Bölüm 30

55.8K 2.6K 160
                                    



Medya: Arda ❤️

**

Allah'ım ben ne yapacaktım; ya şimdi bu adam beni tanır ve bana bir şey yaparsa? Hayatımda hiç korkmadığım kadar çok korkuyordum.

"Şey ben bir arkadaşa bakmıştım da", buradan kendime kocaman bir alkış yolluyorum; tabi alkışlarımı eğer kurtulabilirsem kabul edebilecektim! Ben ne saçmalıyordum ya! Elin gangsteri karşımda pis pis sırıtıyor, bense burada dünyanın en klişe bahanesiyle saçmalık üretiyorum!

"Öyle kapıdan mı bakıyorsun arkadaşına, gel içeri girelim daha yakından bak. Buradan arkadaşını bulamazsın"

Ya tabi eminim sen de çok yardımcı olurdun. Allah'ım ne hallere düştüm ben böyle ya! Buradan sağ çıksam da Arda beni öldürürdü. En iyisi o görmeden buradan yavaş yavaş kaçmaktı.

"Şey ben galiba yanlış yere geldim; arkadaşım bir üstteki sokağı kastetmişti muhtemelen. Ben sizi daha fazla meşgul etmeden gideyim" deyip arkamı dönüp gidecekken adamın kolumdan tutup beni çekmesiyle bir anda onun pis suratıyla karşı karşıya geldim.

"Ne meşgulü, gel misafirim ol"

Arda ve Eymen içeride belki de canlarıyla uğraşırken benim şurada başıma gelenlere bak! hem de kendi aptallığım yüzünden! Hayır neyime güveniyorum da  buraya geliyorum ki ben! Ama ya Arda'ya kötü bir şey olursa, orada da kös kös oturup bekleyemezdim ki!

Kollarımı adamdan kurtarmaya çalıştım ama adam beni iyice kendine çekmeye başladı, işte şimdi mahvolmuştum.

"Bıraksana kolumu ya, canımı acıtıyorsun",  korkudan ve sinirden gözlerimden yaşlar akmaya başlamıştı.

"Elif?"

Tam umudumu kaybetmişken Arda'nın sesiyle kendime gelmiştim. Karşıya baktığımda Arda ve Eymen yan yana bize doğru geliyorlardı; çok şükür ikisi de iyiydi.

"Sen yoksa onlarla mı birliktesin lan? Seni sürtük demek bana burada oyun oynayacaktın"

"Ya bıraksana beni"

Adamdan uzaklaşmaya çalışırken adam beni birden yere sert bir şekilde itip, düşmeme neden oldu. Canım çok acımaya başlamıştı. Az önce yavaştan akmaya başlayan gözyaşlarım şimdi şelale olmuştu,  önümü bile zor görüyordum.

Arda hızla koşarak adamın üstüne atlayıp saldırmaya başlamıştı; sinirle bir şeyler söylüyordu ama hiçbir şekilde onları duyamıyordum.

"Elif iyi misin?"

Kendimi toparlamaya çalışıp yanıma gelen Eymen'e kafamı sağa sola sallayarak iyi olmadığımı anlatmaya çalıştım. Arda orada lanet bir adamla boğuşurken nasıl iyi olabilirdim ki!

Korkuyla Arda'nın gelmesini bekliyordum. Bardan birkaç adam daha çıkınca adamı Arda'nın elinden almaya çalıştılar ama almaları baya zor olmuştu; Arda o kadar sinirliydi ki adamı elinden bırakmıyordu.

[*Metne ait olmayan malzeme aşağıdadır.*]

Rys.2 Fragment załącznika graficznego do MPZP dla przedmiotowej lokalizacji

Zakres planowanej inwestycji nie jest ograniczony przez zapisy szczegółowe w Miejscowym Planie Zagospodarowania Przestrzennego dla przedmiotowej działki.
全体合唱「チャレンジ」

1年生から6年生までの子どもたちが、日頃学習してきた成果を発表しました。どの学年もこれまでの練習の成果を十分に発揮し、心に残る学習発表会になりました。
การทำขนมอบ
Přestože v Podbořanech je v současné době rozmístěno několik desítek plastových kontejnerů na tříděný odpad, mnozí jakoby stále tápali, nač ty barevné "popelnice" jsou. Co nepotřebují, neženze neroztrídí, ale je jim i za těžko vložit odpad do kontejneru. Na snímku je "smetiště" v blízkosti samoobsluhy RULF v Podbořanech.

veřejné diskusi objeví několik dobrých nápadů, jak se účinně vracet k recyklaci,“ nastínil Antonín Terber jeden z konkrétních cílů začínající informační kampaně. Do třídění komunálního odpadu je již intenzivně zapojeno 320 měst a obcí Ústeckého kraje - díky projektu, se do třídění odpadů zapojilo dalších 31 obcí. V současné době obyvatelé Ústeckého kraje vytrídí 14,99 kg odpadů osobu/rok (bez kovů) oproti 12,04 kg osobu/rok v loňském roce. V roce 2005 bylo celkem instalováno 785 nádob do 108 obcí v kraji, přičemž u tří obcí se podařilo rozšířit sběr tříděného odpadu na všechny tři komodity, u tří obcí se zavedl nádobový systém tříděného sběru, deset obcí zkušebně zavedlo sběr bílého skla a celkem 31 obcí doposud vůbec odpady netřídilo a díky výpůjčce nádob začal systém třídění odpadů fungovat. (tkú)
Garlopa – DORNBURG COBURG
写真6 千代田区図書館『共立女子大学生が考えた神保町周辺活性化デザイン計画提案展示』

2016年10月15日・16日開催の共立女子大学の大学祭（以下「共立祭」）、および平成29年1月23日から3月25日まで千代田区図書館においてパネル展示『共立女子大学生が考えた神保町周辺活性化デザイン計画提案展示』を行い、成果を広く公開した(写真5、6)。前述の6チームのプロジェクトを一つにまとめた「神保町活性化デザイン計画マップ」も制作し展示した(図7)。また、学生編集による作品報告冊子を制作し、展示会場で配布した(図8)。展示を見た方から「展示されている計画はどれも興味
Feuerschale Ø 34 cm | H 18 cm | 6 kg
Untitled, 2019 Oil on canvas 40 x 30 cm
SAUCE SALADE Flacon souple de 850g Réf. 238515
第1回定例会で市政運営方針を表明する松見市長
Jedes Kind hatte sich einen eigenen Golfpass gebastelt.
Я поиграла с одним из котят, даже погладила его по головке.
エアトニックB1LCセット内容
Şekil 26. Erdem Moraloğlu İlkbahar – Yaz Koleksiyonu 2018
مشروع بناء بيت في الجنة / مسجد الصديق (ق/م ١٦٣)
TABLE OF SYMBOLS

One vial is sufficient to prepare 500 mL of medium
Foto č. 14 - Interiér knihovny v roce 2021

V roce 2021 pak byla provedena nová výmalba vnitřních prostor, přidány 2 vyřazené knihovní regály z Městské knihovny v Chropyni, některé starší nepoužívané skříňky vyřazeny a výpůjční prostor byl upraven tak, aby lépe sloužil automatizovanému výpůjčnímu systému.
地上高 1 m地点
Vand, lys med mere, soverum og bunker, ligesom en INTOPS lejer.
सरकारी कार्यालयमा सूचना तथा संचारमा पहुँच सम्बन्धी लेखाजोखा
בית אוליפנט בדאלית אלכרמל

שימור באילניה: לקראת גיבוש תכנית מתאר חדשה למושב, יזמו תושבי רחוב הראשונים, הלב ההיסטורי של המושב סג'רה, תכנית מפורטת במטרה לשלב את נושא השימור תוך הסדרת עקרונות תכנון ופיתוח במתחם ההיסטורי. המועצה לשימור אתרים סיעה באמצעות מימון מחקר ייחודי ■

En sonunda adamlar o pislik adamı Arda'nın elinden almayı başarabilmişti. İçlerinden biri Arda'ya bakıp "Bak size bir şans verdim, şansını zorlama istersen. Kuzenini de, kızı da al çek git buradan. Bir daha da asla buranın yakınından bile geçmeyin" dedikten sonra adamlarını da alıp içeri girdiler.

Eymen bana dönüp "Elif hadi biz de gidelim ayağa kalkabilecek misin?" diye sordu.

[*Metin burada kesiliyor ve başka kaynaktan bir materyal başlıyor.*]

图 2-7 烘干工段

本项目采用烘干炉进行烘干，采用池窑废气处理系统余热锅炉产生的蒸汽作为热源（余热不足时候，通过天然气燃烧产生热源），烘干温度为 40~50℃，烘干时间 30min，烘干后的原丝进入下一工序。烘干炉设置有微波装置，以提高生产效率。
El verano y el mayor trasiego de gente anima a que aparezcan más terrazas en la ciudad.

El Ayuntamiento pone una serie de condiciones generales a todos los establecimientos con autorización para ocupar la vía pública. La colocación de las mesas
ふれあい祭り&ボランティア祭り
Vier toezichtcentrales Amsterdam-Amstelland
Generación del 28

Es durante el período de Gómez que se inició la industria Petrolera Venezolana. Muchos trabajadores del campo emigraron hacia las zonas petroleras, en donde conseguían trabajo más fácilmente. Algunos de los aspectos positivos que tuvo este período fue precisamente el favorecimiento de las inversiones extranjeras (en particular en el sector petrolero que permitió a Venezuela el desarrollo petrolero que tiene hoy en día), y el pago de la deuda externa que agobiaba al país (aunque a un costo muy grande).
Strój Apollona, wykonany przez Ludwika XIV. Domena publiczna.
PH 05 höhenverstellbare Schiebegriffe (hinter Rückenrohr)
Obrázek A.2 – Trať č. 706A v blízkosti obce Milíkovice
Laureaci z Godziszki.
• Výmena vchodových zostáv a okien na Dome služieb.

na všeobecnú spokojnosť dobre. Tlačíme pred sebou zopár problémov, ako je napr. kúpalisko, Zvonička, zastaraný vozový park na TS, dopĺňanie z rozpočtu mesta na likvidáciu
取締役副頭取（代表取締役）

Ayağa kalkmaya çalıştım ama canımın acısından bir türlü doğrulamıyordum. Eymen bunu anlayınca uzanıp beni kucağına almak için davrandı ama Arda'nın yanımıza gelip Eymen'in kolunu omuzlarımdan çekmesiyle Eymen şaşkınca ona bakmaya başlamıştı.